Problem to solve — What you should give back is every line from the one containing "Machine embroidery design" through the last line of the records below, word for word and without pictures.

Provided records —

● ● ● ● ●

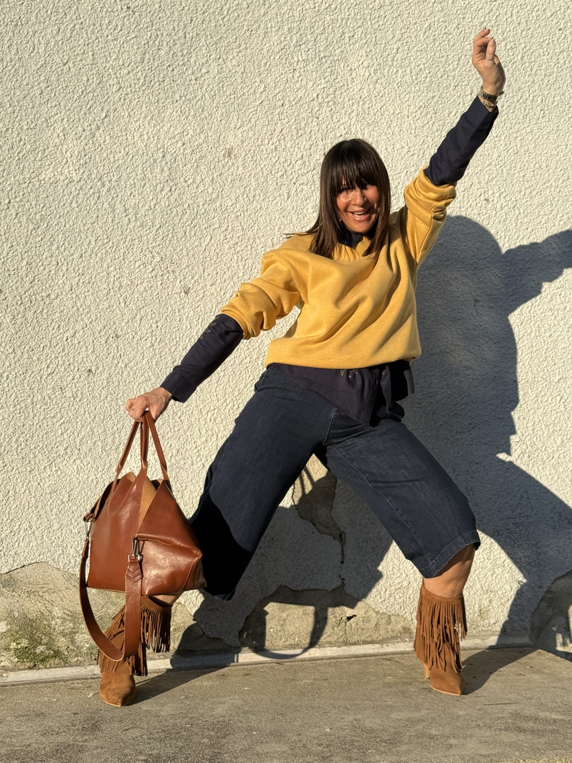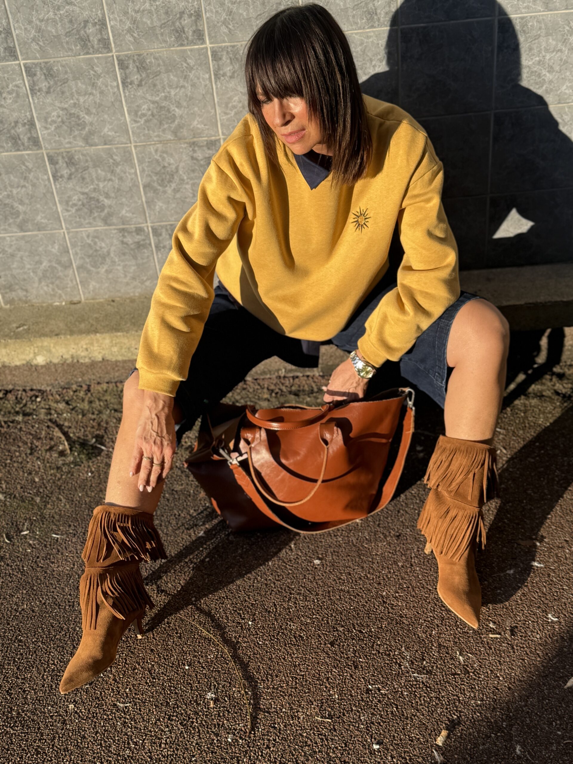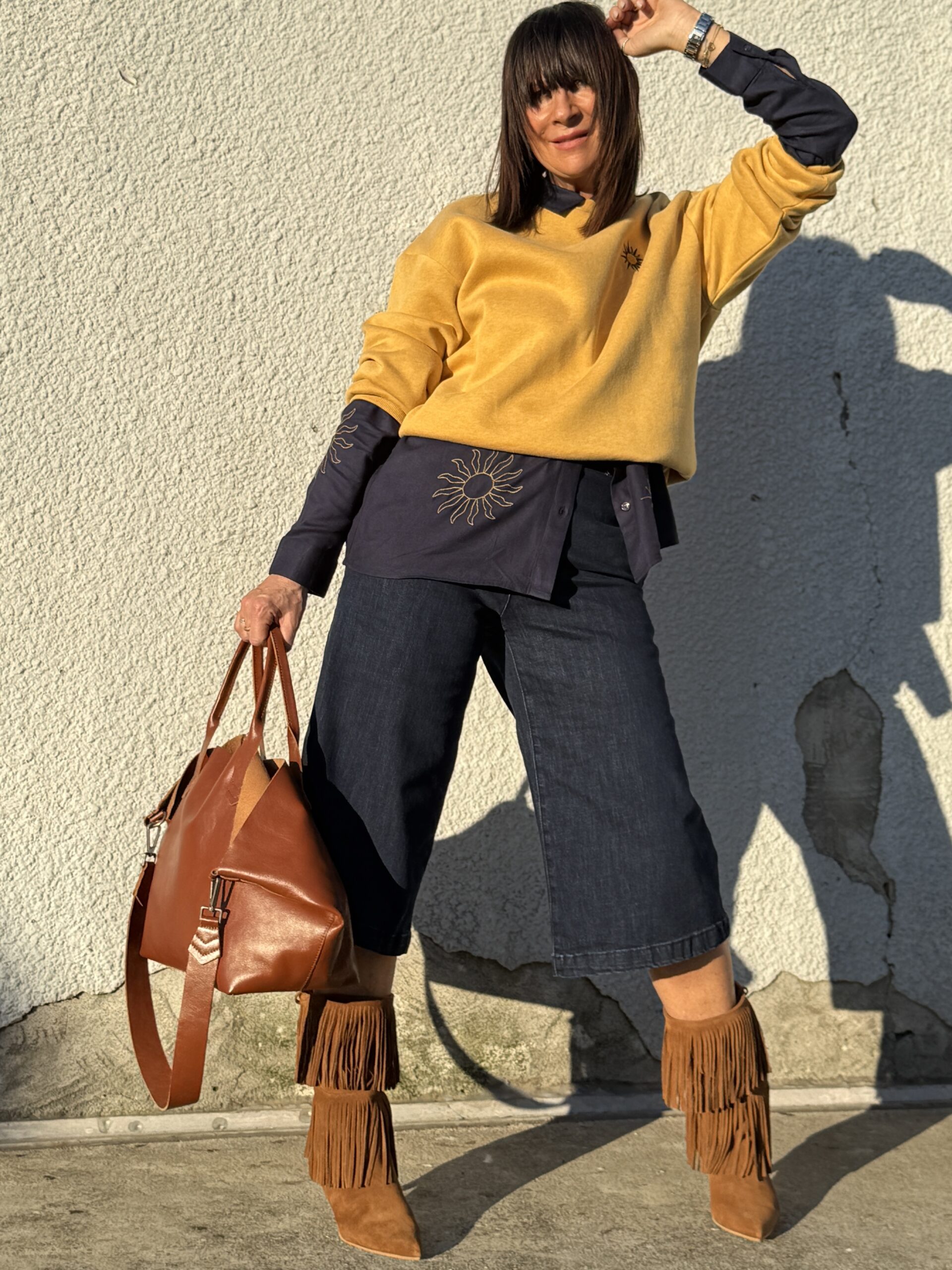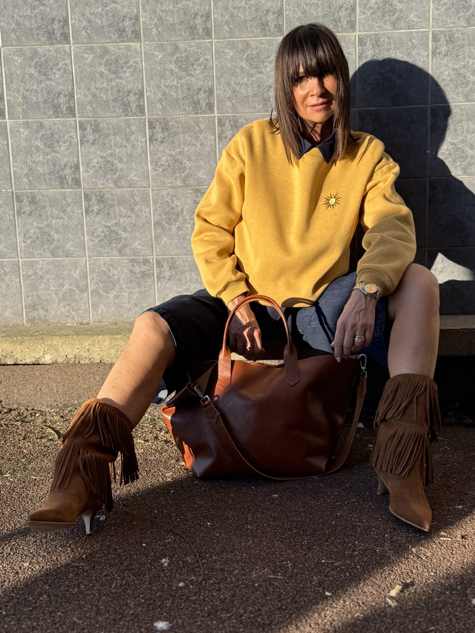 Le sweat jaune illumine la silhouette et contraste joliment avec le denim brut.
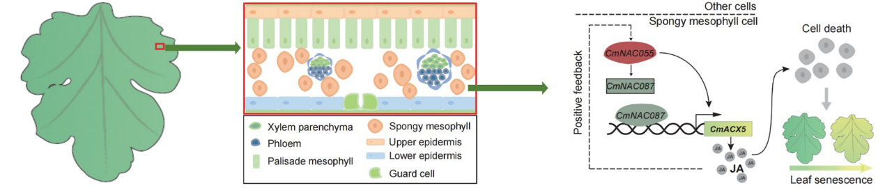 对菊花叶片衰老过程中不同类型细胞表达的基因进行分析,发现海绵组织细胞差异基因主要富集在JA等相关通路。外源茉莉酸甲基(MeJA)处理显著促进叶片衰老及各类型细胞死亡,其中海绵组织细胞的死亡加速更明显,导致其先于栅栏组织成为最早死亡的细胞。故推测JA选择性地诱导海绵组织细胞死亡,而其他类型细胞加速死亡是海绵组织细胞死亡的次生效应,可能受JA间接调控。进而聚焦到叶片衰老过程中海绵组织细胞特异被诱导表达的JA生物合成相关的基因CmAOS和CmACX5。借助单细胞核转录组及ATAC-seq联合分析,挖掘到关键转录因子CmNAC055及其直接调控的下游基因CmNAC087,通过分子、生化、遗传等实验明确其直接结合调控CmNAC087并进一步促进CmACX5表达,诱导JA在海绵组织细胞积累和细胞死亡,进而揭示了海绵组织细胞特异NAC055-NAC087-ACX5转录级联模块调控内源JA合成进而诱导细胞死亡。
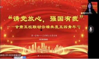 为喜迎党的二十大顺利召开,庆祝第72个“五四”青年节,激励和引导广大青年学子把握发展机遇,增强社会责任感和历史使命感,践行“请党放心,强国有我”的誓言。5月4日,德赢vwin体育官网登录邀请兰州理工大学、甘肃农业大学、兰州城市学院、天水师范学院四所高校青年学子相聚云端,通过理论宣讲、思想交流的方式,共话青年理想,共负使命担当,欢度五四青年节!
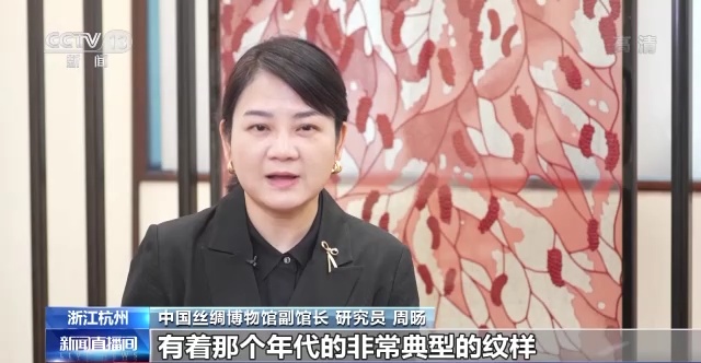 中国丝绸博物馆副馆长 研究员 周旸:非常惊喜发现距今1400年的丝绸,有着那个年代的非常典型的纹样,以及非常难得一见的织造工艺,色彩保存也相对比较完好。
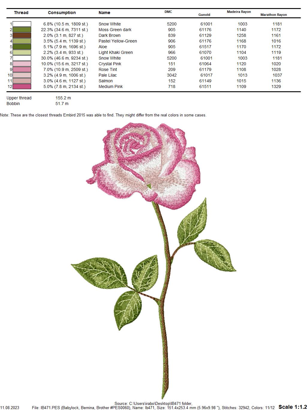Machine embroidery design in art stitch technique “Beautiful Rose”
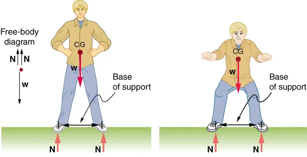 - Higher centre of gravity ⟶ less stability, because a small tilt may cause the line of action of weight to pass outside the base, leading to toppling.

● ● ● ● ●

Written solution —
Machine embroidery design in art stitch technique “Beautiful Rose”
 - Higher centre of gravity ⟶ less stability, because a small tilt may cause the line of action of weight to pass outside the base, leading to toppling.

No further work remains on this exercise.